For historical reasons in the world of relational databases interfaces usually consist of domain-specific languages (mostly dialects of SQL)
rather than composition of data structures as it is common with modern APIs (for example JSON-based REST, protobuf).
While a domain-specific language (DSL) is very well suited for interactive use, such as manually exploring a dataset, this approach has some limitations when trying to interface with a database programmatically (for example from a Python script).

This library brings a modern API to SQL databases, allowing the user to express queries as composition of basic python data structures: dicts, lists, strings, ints, floats and booleans.

Among the primary benefits of this approach is a superior ability to reuse code. All the usual python constructs and software engineering best practices are available to the query author to express queries using clean, maintainable code.

Query-as-data also means compatibility with Python's type hinting system, which translates to reduced query-correctness issues, improved error messages (at least with respect to some query engines), and a quicker development experience.

Notably, this solution eliminates one major source of friction with traditional programming-language level handling of SQL: SQL injection and excaping. While solutions to this problem such as parametrized queries have been developed over time, they heavily favor safety at the expense of expressivity; it is usually forbidden to compose parametrized queries at runtime.
How is this accomplished? By having granular information about each component of a query, `dict2sql` is easily able to apply escaping where needed, resulting in safe queries.

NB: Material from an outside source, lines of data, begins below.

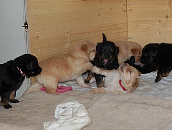 Nach jedem Ausflug versammeln sich alle Welpen wieder in der Wurfkiste,
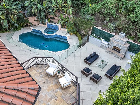 Private balconySerene waterfallResort-style backyardCustom cabinetryFenced-in poolExpansive primary suiteLush hedges
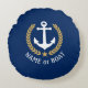 Personalise your home with round throw pillows displaying your boat name, family name or other desired text. Featuring a custom designed nautical boat anchor, gold style laurel leaves and star emblem on navy blue or easily adjust the primary colour to match your current theme. Perfect for your sailboat, beach house, lake house or RV.
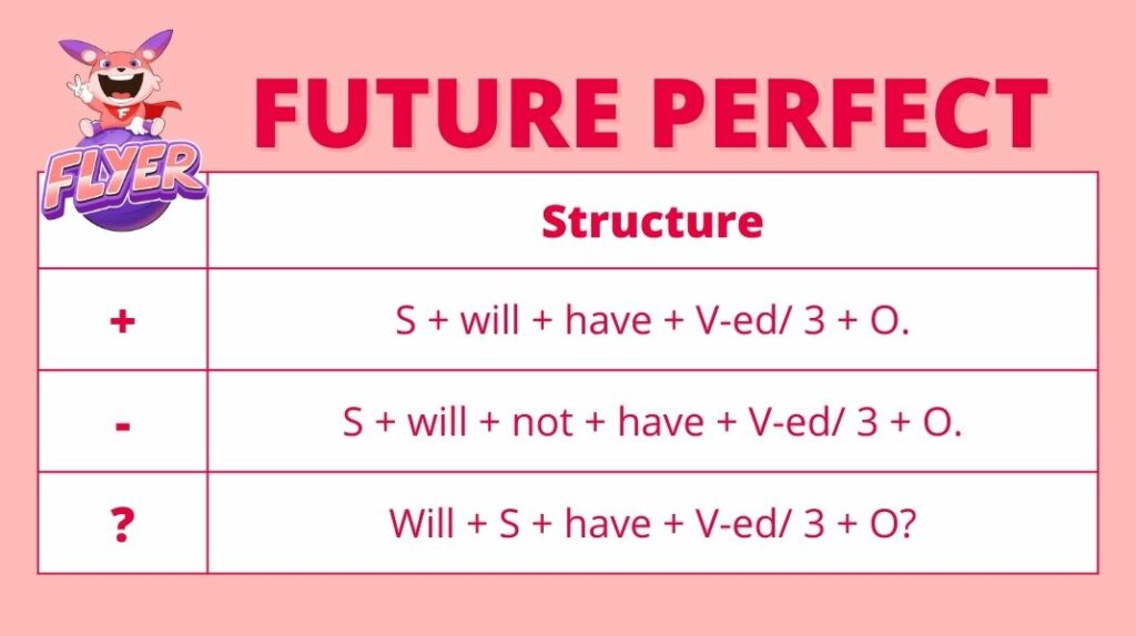 – Tương lai hoàn thành: S + will + have + V (-ed/3) + O.
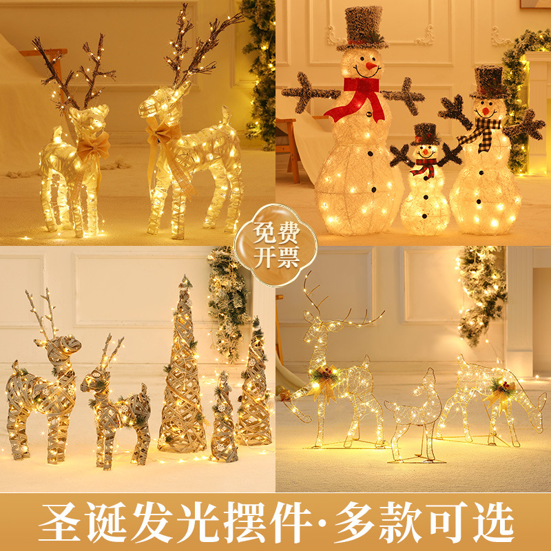 クリスマスの装飾品が光るヘラジカ雪だるまがデパートのショーウインドーにクリスマスツリーの下の装飾品を飾る
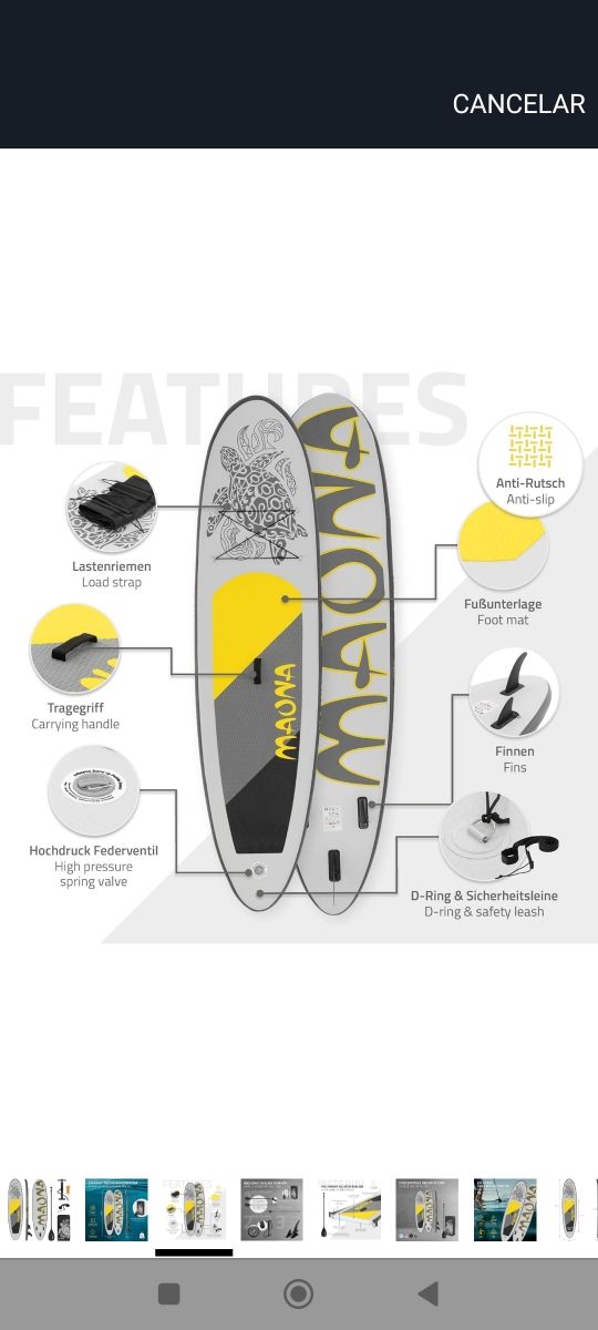 Detalles del productoTabla de paddle surf MAONA con diseño moderno y llamativo.
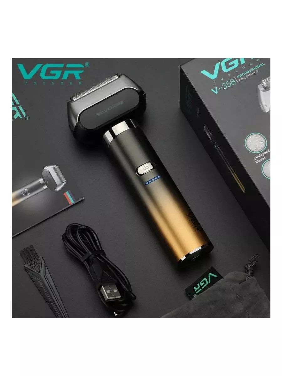 Электробритва VGR V-358 - это надежный и мощный инструмент для бритья, который позволяет получить идеально гладкий результат за короткое время. Он подходит для использования как в домашних условиях, так и в профессиональных. Одной из главных особенностей электробритвы VGR 358 является ее высокая скорость вращения лезвий с плавающей титановой сеткой. Благодаря мощному двигателю, который развивает скорость вращения до 7000 оборотов в минуту, он обеспечивает быстрое и гладкое бритье без раздражения кожи. Электробритва VGR V-358 оснащен лезвиями из высококачественной нержавеющей стали, которые обеспечивают точное и бережное бритье. Один из главных преимуществ VGR V-358 - его эргономичный металлический дизайн. Еще он очень легкий и компактный, что позволяет использовать его в любых условиях, а также продолжать бритье бороды или стрижку головы во время зарядки. Электробритва VGR V-358 оснащен индикатором заряда, который показывает, когда нужно зарядить аккумулятор. Кроме того, электробритва обладает стандартами IPX7 в степени защиты от влаги.
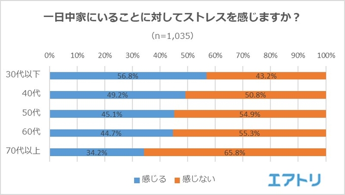 「ストレスを感じる」と回答した割合は70代以上では34.2%でしたが、30代以下では過半数の56.8%となり、若年層ほど家にいることにストレスを感じていることが分かりました。
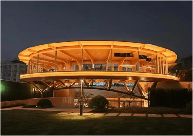 搭配作为会所标志性景观的360°钢木结构悬浮廊桥,打破传统景观平面化局限,造型轻盈灵动,将会所与社区园林、墅居建筑群自然串联,既实现360°无死角观景,又成为业主休憩、社交的专属空间。
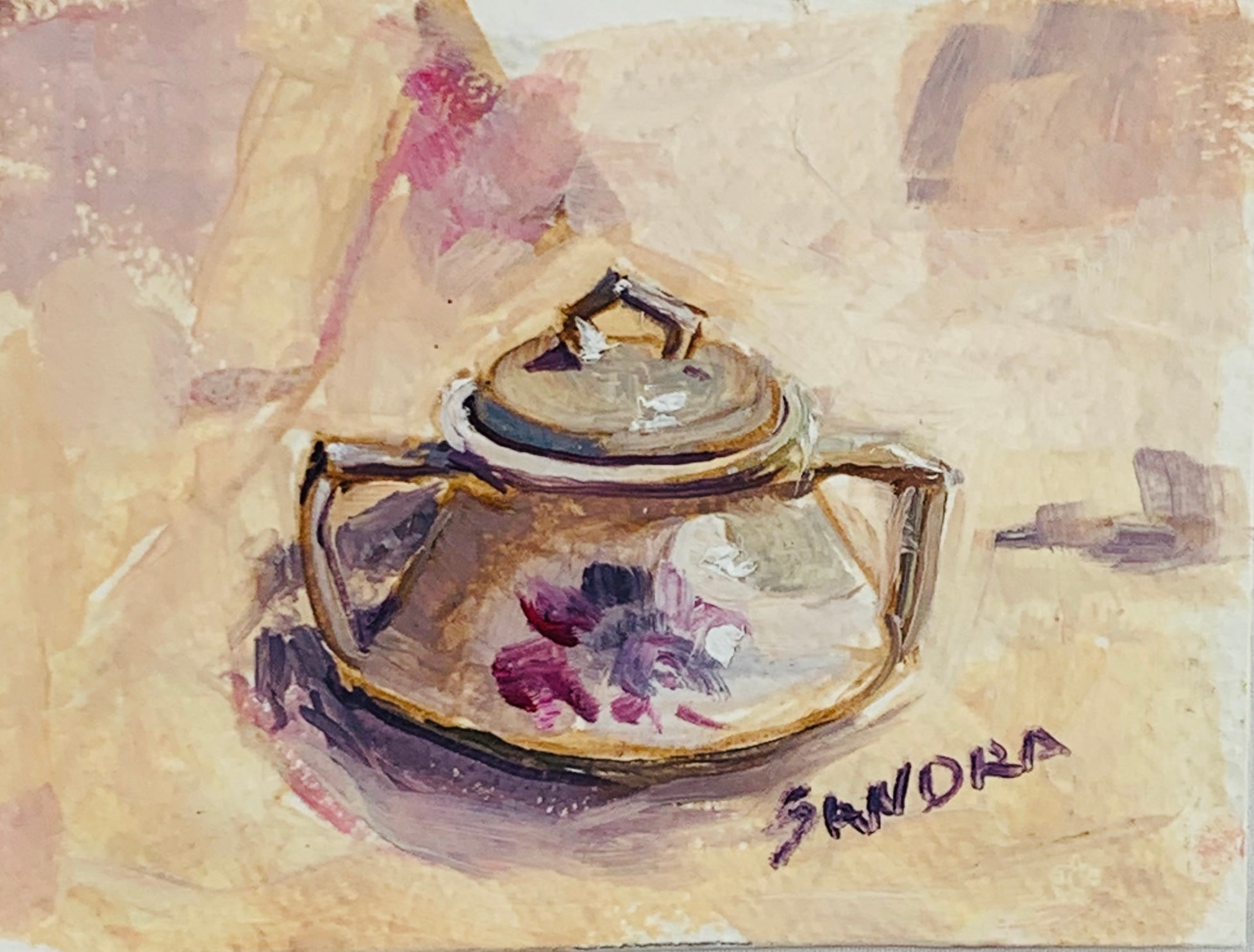 Sweets for the Sweets is a painting showing a sugar bowl. A little 5″x7″ acrylic painting the sugar bowl was my Mother-in-law Evelyn’s. I was thinking of her one day and how sweet she was to everyone and decided to paint it. Evelyn was from West Virginia and her language was always proper and pleasing. Our current language is different today. Not that one way is better than another it is just different and I loved the way she expressed herself.

Finally, it should be noted that this library strictly tries to do *one* job well, namely *composing sql queries*. There is many related functionalities in this space which we explicitely avoid taking on, feeling that they are best left to other very mature libraries in the Python ecosystem. For example: connecting to the database and performing queries, parsing query return values.

## Implementation details
This project at the moment targets ANSI SQL, with the ambition of soon targeting all major SQL dialects.

Tests are based on the [Chinhook Database](https://github.com/lerocha/chinook-database).

## Contributing

Contributions and forks are welcome!

If you want to increment the current language to increase coverage of ANSI SQL, go right ahead.

If you plan to contribute major features such as support for a new dialect, it is recommended to start a PR early on in the development process to prevent duplicate work and ensure that it will be possible to merge the PR without any hiccups.